أَخْبَرَنَا أَحْمَدُ بْنُ سُلَيْمَانَ، قَالَ حَدَّثَنَا يَحْيَى بْنُ آدَمَ، قَالَ حَدَّثَنَا عَبْدُ الرَّحْمَنِ بْنُ حُمَيْدٍ، قَالَ حَدَّثَنَا أَبُو الزُّبَيْرِ، عَنْ طَاوُسٍ، عَنِ ابْنِ عَبَّاسٍ، قَالَ كَانَ رَسُولُ اللَّهِ صلى الله عليه وسلم يُعَلِّمُنَا التَّشَهُّدَ كَمَا يُعَلِّمُنَا السُّورَةَ مِنَ الْقُرْآنِ ‏.‏
Translation
It was narrated that Ibn 'Abbas said

"The Messenger of Allah (ﷺ) used to teach us the tashahhud just as he used to teach us a surah from the Quran."

Comment

Hadith Text & Reference

"The Messenger of Allah (ﷺ) used to teach us the tashahhud just as he used to teach us a surah from the Quran."

Source: Sunan an-Nasa'i 1278 | The Book of Forgetfulness (In Prayer)

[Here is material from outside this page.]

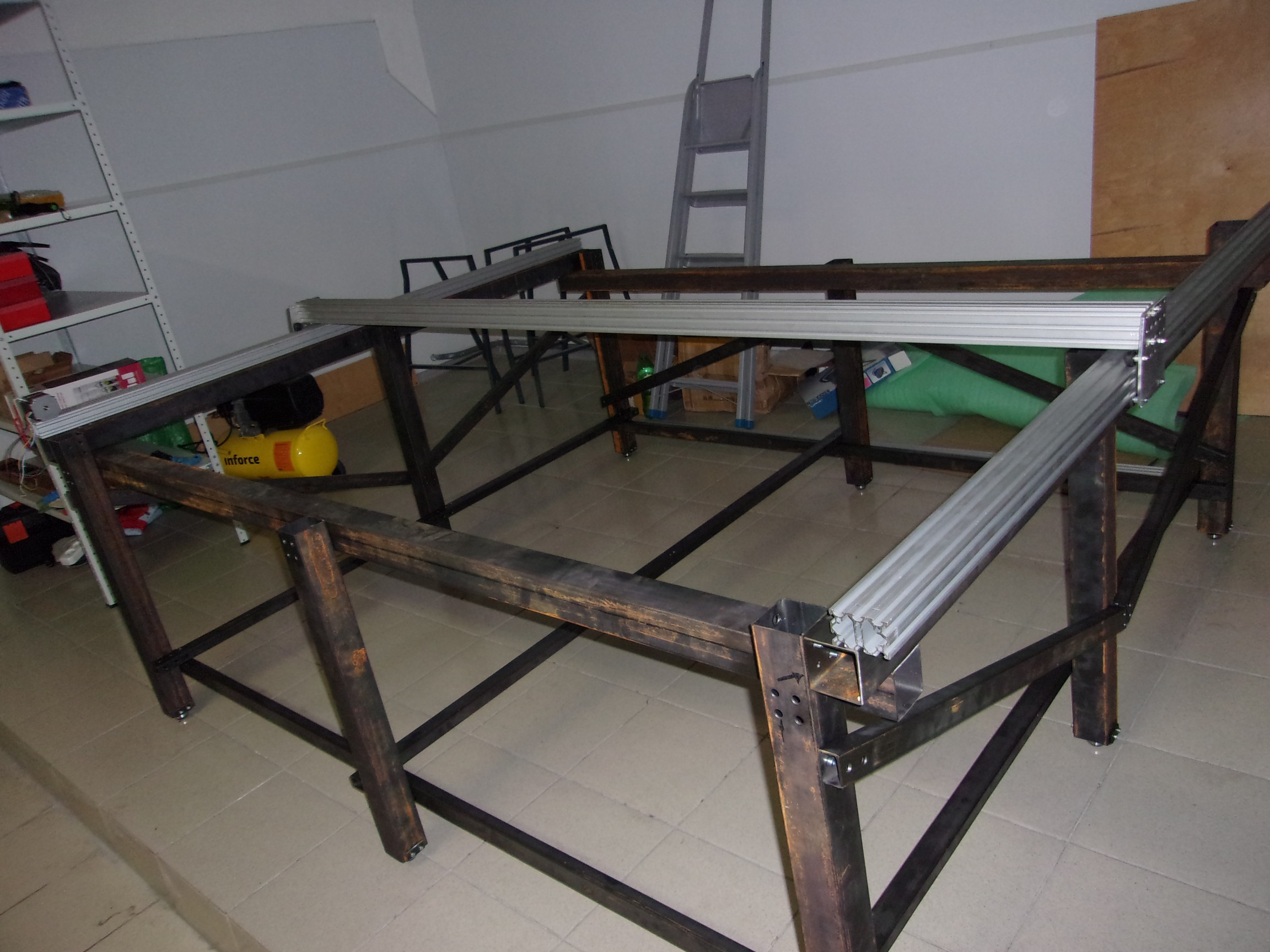 ЗЫ собственно мой пример) раскопал фото с процесса постройки, рама выглядит вот так - я сначала прикинул, во сколько мне для такой конструкции обойдется станочный профиль и ведро Т-гаек, вздохнул, пошел пилить и сверлить)
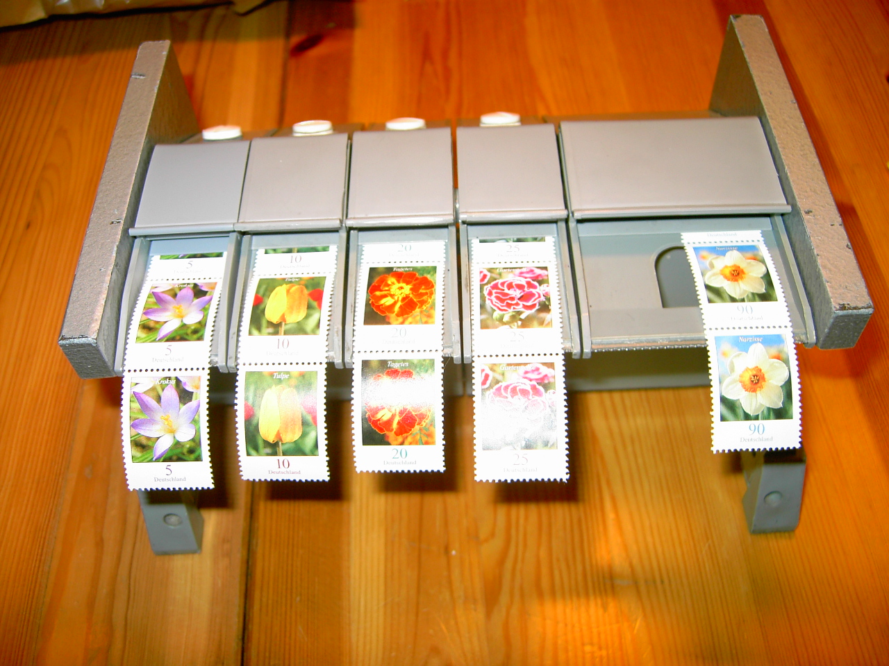 So, ich habe fix noch mal 2 Bilder gemacht, die das Ganze noch etwas anschaulicher machen. Bild 1 ist der ganze Rollenmarkenspender, Bild 2 zeigt dann die Abrisszähne vorne auf der "Spitze".

Significance of Teaching Method

The Prophet's comparison of teaching tashahhud to teaching Quranic chapters indicates its fundamental importance in prayer. Just as Quranic recitation requires precise wording revealed by Allah, the tashahhud's formulation carries divine sanction and must be preserved accurately.

This teaching methodology emphasizes repetition, careful articulation, and systematic instruction - the same approach used for transmitting divine revelation, elevating the tashahhud's status above ordinary supplications.

Legal Implications

Scholars derive from this hadith that the tashahhud wording is tawqifi (determined by divine instruction) rather than being left to personal choice. The mandatory nature of learning it precisely reflects its fixed position in prayer structure.

This establishes that forgetting the tashahhud requires correction just as forgetting Quranic recitation does, with prostrations of forgetfulness (sujud al-sahw) being prescribed for such omissions.

Spiritual Dimensions

The tashahhud contains testimony of faith (shahadah), blessings upon the Prophet, and supplications - encapsulating core Islamic beliefs. Its placement between prayer cycles symbolizes the believer's journey from worldly engagement to divine presence.

By giving it Quranic-level importance, the Prophet highlighted how prayer combines divine words (Quran) with divinely-taught human expressions (tashahhud) in perfect worship harmony.